Harrison's comment came on the heels of outside linebackers coach Joey Porter telling the Pittsburgh Post-Gazette and Steelers Nation Radio this week that the team plans to use rookie T.J. Watt and Bud Dupree as primary pass rushers.
"I'll be fine, whatever they want me to do," Harrison said on Wednesday. "Whatever they want, I'm good."
Harrison recorded 5.0 sacks in each of the past two seasons before signing a two-year, $3.5 million contract in March. The new pact is Harrison's second with the Steelers since he held an official retirement press conference in August 2014.
The 39-year-old Harrison will enter his 15th season in the NFL, all but one with Pittsburgh. The Steelers released him in 2013 when he refused to take a pay cut, and he played that season with the Cincinnati Bengals.

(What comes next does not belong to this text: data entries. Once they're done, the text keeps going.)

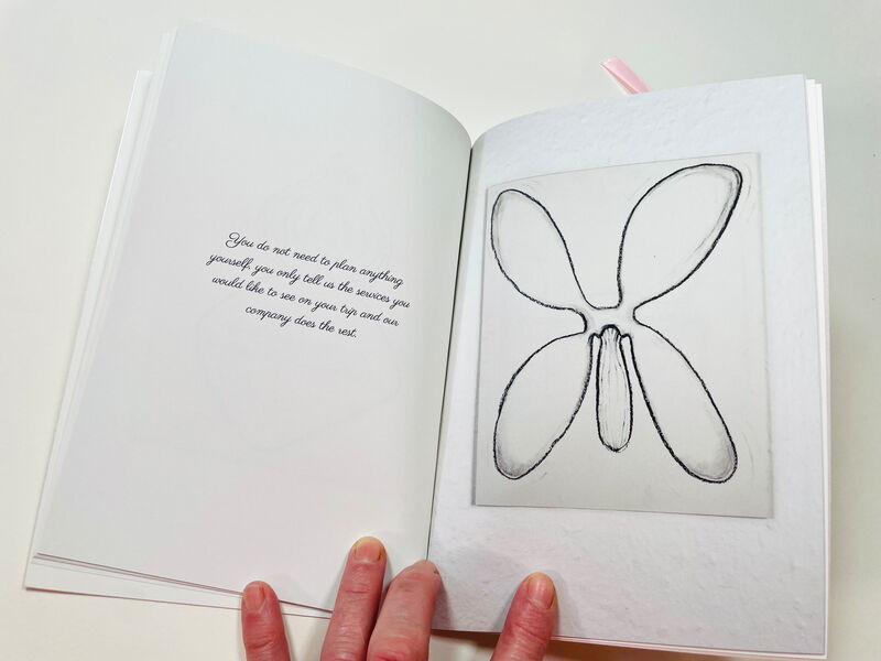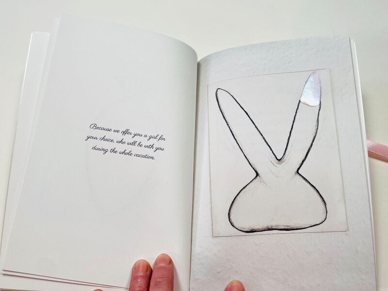 Das Heft erscheint in einer nummerierten Auflage von 49 Stück, wird von einem Satinband umfasst und enthält an überraschender Stelle je ein Zeichnungs-Präservativ aus Seidenpapier und Nagellack in metallic-rosé.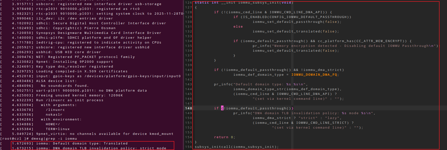 进入系统后,可以看到系统启动阶段成功创建了IOMMU GROUP0,并且将PCI 0000:00:00.0加入到了此GROUP。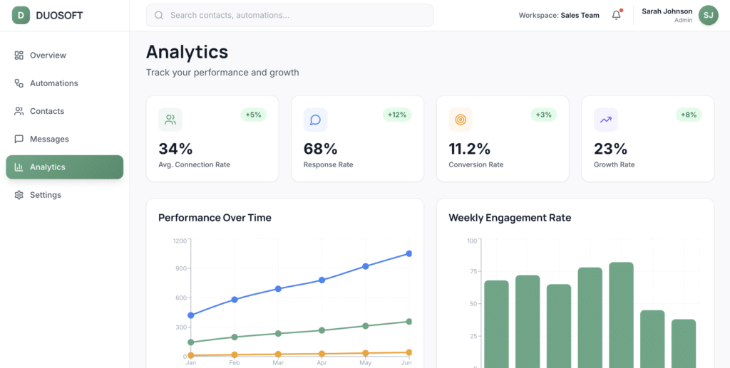 Überwache die Performance deiner Drip-Kampagnen, behalte LinkedIn- und E-Mail-Aktivitäten im Blick und analysiere die Leistung deines Teams.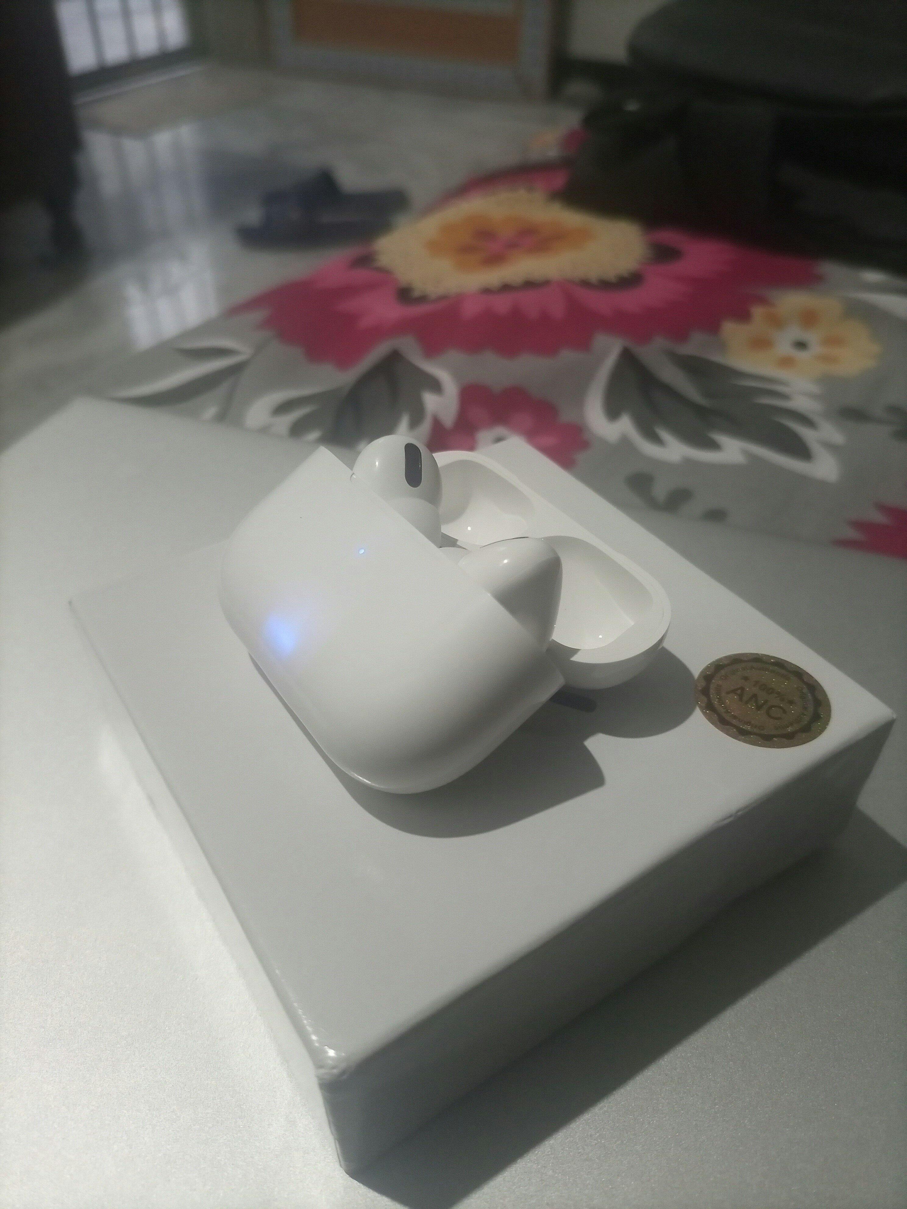 This AirPods Pro 2 Master Copy is a great budget-friendly alternative, offering similar looks and basic functionalities like Bluetooth connectivity, decent sound quality, and touch controls. However, it lacks premium Apple features like real ANC, Adaptive EQ, Transparency Mode, and Find My support.

Harrison started seven of 15 regular-season games played in 2016, accumulating 53 tackles and two forced fumbles. His five regular-season sacks paved the way for him to become the Steelers' all-time sacks leader during the regular season with 79.5. Sacks became an official statistic in 1982.
Harrison is also tied for the most sacks (11.0), along with LaMarr Woodley, in Steelers' postseason history.
Harrison originally signed with the Steelers as an undrafted rookie free agent on April 22, 2002. He has started 117 of 187 games played for Pittsburgh and recorded 81.5 sacks during his time in the NFL.
Harrison was the NFL Defensive Player of the Year in 2008 after recording a Steelers-record 16.0 sacks. Harrison earned five consecutive trips to the Pro Bowl (2007-11) and was named All-Pro following three seasons (2007, 2008 and 2010).
Harrison has played in 19 postseason games (12 starts). He helped the Steelers win three AFC championships and two Super Bowls. Harrison registered the longest interception return in Super Bowl history, a 100-yard touchdown in Super Bowl XLIII.